I was working on a car one time and I suspected a head gasket. I check it with a 4 gas analyzer and I found hydrocarbons in the Radiator. Hydrocarbons come from the burning of gas. So it has a leak, right. The guy did not believe me so he took it to another mechanic. That mechanic did a pressure test and could not find anything wrong. I got a nasty letter sent to the dealership saying we where trying to rip him off. 8 weeks later he was back. His mechanic now says he needs a head gasket. Even then the only issue he had was a slight idle issue but the car was starting to lose coolant and would no longer pass the pressure test.
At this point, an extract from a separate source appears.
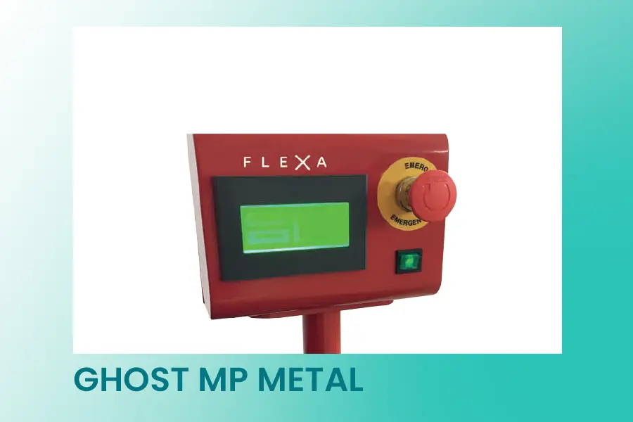Flexa Ghost MP Metal este un aparat automat de capsat destinat aplicării profesionale de capse metalice (oțel nichelat) în bannere PVC, mesh și materiale textile utilizate în producția publicitară. Sistemul self-perforating realizează perforarea materialului și montarea capsei într-o singură operațiune, cu comandă la pedală și control electronic.

The point to the story is that unless a car overheats or is run super hard head gasket failure happens over time. You get to the point coolant is fouling a plug or you can see a pile of steam coming from the tailpipe your pretty far down the blown head gasket road.

Once you have a tester hook it up and start yur car cold. Noramlly it will take 3 to 5 minutes to start to build pressure. It can take 10-20 minutes to get to 15 PSI. If you start building pressure real quick, like a minute, you have an issue. I have seen cars that ran fine push 10 PSI into the coolant system in less then 30 seconds.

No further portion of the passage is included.